The solution is a lightweight pair you actually want to keep in the car. A 22-gram carbon fiber frame that doesn't feel like a burden to put on and take off is significantly more likely to actually be used than a heavier pair that stays in a case in the glovebox.
The other factor is screen readability. Drivers check navigation regularly. Polarised lenses that blackout phone or built-in navigation screens at certain angles are a friction point that leads people to take their sunglasses off — which defeats the purpose. Lenses set at 45° (like the Voyager's) work in both portrait and landscape, so you can check your phone mount without removing them.
The Winter Driving Kit
For any regular driver in Australian winter:
- Polarised grey lens — cuts road glare and maintains accurate colour
- UV400 protection — handles residual UV through glass
- Lightweight frame — you'll actually wear them
- Screen-readable polarisation — keeps nav visible
- Keep them in the car — a pair dedicated to the car is more likely to be used than one you have to remember to pack
The Voyager Carbon Fibre Sunglasses cover all five. Dark grey polarised UV400 lenses, 22g carbon fibre frame, 45° polarisation for screen readability. $179.99 AUD with a lifetime warranty — the kind of investment that makes sense for something you use every single commute.

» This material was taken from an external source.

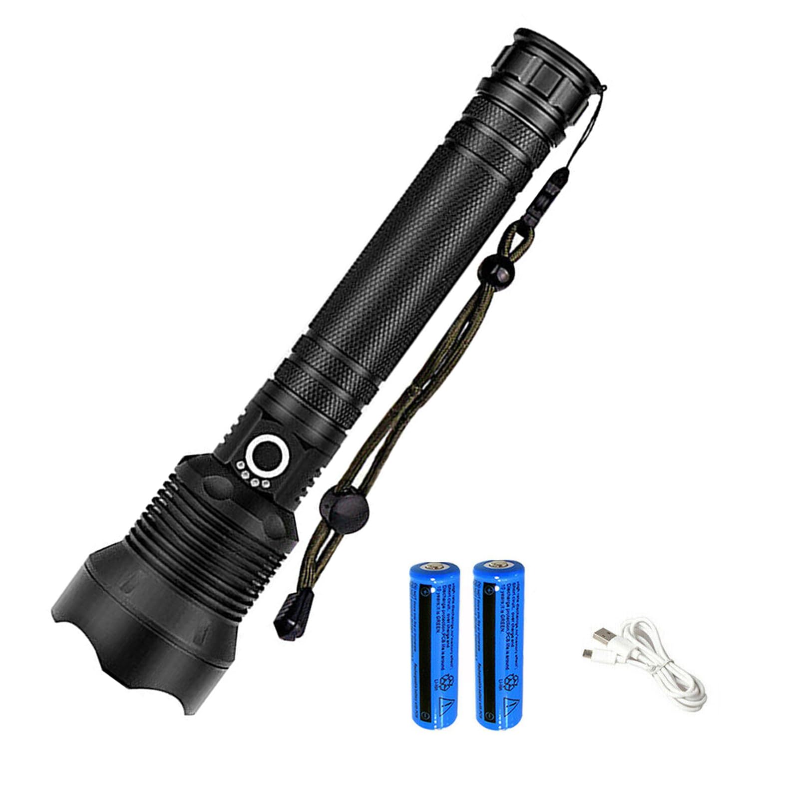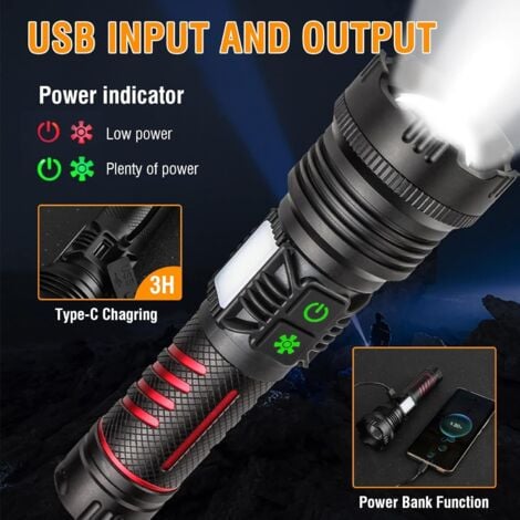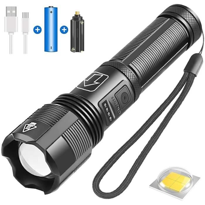 Super lumineuse et excellente durée de fonctionnement : cette lampe torche LED rechargeable est dotée d'une LED longue faisceau, 10 fois plus lumineuse que la lampe frontale de voiture. grafik Pekkadillo Geçici top lampe tactique amazon yeri doldurulamaz Çok fazla d Lampe Torche Étanche Extérieure à LED Haute Luminosité Rechargeable USB... La lampe torche LED haute performance peut être utilisée comme une banque d'alimentation mobile, vous donnant la tranquillité d'esprit même si votre téléphone est à court d'énergie. Les lampes de poche tactiques haute puissance peuvent être utilisées pour la chasse, le camping, la spéléologie, la pêche, le vélo, la randonnée nocturne, la recherche et le sauvetage. Lampe torche LED super lumineuse jusqu'à 20 000 lumens. Imperméable et durable : la lampe torche rechargeable est fabriquée en alliage d'aluminium de qualité aérospatiale, qui a les fonctions d'étanchéité, durable, dissipation efficace de la chaleur, anti-chute. Cette lampe de poche tactique à haute luminosité super lumineuse ajuste le diamètre de la lumière en utilisant le haut, changez facilement entre le projecteur et le spot. Distance d'irradiation jusqu'à 1000 m, et la durée de vie est jusqu'à 90 000 heures. Charge rapide de type C et banque d'alimentation : charge rapide en seulement 2 heures avec n'importe quel port USB. Il est parfait pour camping, randonnée et urgences. [5 Modes & Réglage Pratique de l’arrêt & Zoomable] Cette lampe torche dispose de 5 modes d'éclairage: Haut / Moyen / Bas / Stroboscope / SOS. Vous pouvez l'éteindre en appuyant longuement sur le bouton pendant 3 secondes Lampe Torche De Poche LED Rechargeable 2000 Lumens Puissante Etanche Batterie FR Contenu : 1 lampe torche tactique LED rechargeable, 1 câble USB de type C, 1 cordon (dragonnes), 1 boîte d'emballage pour lampe de poche, 1 manuel de l'utilisateur (français non garanti).

Quick Reference: Winter Driving Glare Conditions by City
| City | Worst glare direction | Peak risk times |
|------|----------------------|-----------------|
| Sydney | East (AM), West (PM) | 7–9am eastbound, 4–6pm westbound |
| Melbourne | East (AM), West (PM) | 8–9am eastbound, 4–5pm westbound |
| Brisbane | East (AM), West (PM) | 7–8am eastbound, 5–6pm westbound |
| Perth | East (AM), West (PM) | 7–8am eastbound, 5–6pm westbound |
| Adelaide | East (AM), West (PM) | 8–9am eastbound, 5–6pm westbound |
| Canberra | East (AM), West (PM) | High elevation = more UV intensity year-round |
Winter is when Australian drivers need sunglasses most — and wear them least. Keep a pair in the car.